Once you have confirmed the sitemap is working, move on to the next step.

Deploy the Worker

Now that your project is working locally, there are two steps left:

Deploy the Worker.
Bind it to a domain.

To deploy the Worker, run the following command in your terminal:

wrangler deploy

The terminal will log information about the deployment, including a new custom URL in the format {worker-name}.{account-subdomain}.workers.dev.

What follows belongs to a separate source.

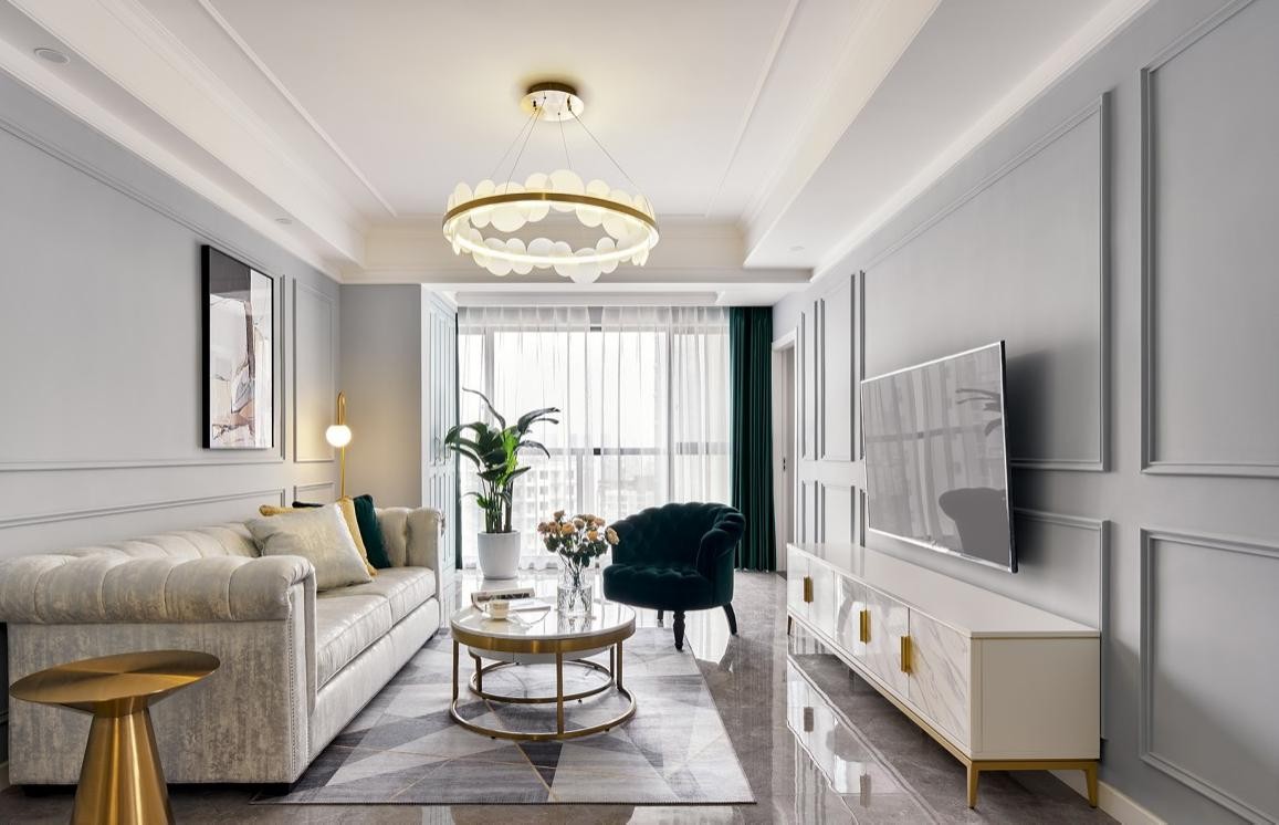L型厨房操作台面节约空间,大理石花纹地砖配上墙面线条造型让空间更具层次,同时拉伸视觉效果。金属灯具、餐椅的加入,让空间更显质感。主卧及多功能房均采用低饱和度的色彩搭配,空间优雅时尚又不失明亮清爽。

While you could use this hostname to obtain your sitemap, it is a best practice to host the sitemap on the same domain your content is on.

Route a URL to the Worker

In this step, you will make the Worker available on a new subdomain using a built-in Cloudflare feature.

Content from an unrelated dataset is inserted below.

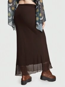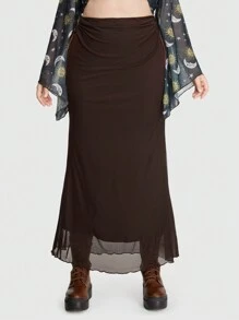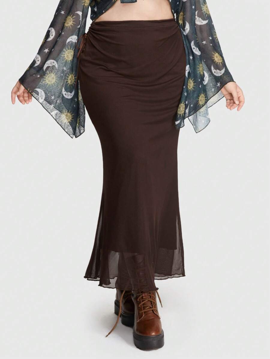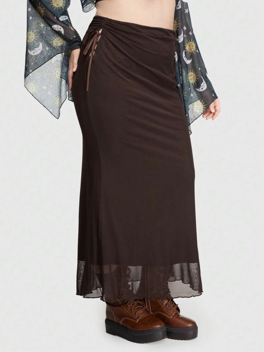 Fairycore Falda Con Lazo Lateral De Hilo De Red De Talla Grande

One of the benefits of using a subdomain is that you do not have to worry about this sitemap conflicting with your root domain's sitemap, since both are probably using the /sitemap.xml path.

Log in to the Cloudflare dashboard ↗ and select your account.
In Account Home, select Workers & Pages, and then select your Worker.
Go to Settings > Triggers > Custom Domains > Add Custom Domain.
Enter the domain or subdomain you want to configure for your Worker.

For this tutorial, use a subdomain on the domain that is in your sitemap. For example, if your sitemap outputs URLs like www.example.com then a suitable subdomain is cms.example.com.
Select Add Custom Domain.

After adding the subdomain, Cloudflare automatically adds the proper DNS record binding the Worker to the subdomain.
To verify your configuration, go to your new subdomain and append /sitemap.xml. For example:
```
cms.example.com/sitemap.xml
```

The browser should show the sitemap as when you tested locally.

You now have a sitemap for your headless CMS using a highly maintainable and serverless setup.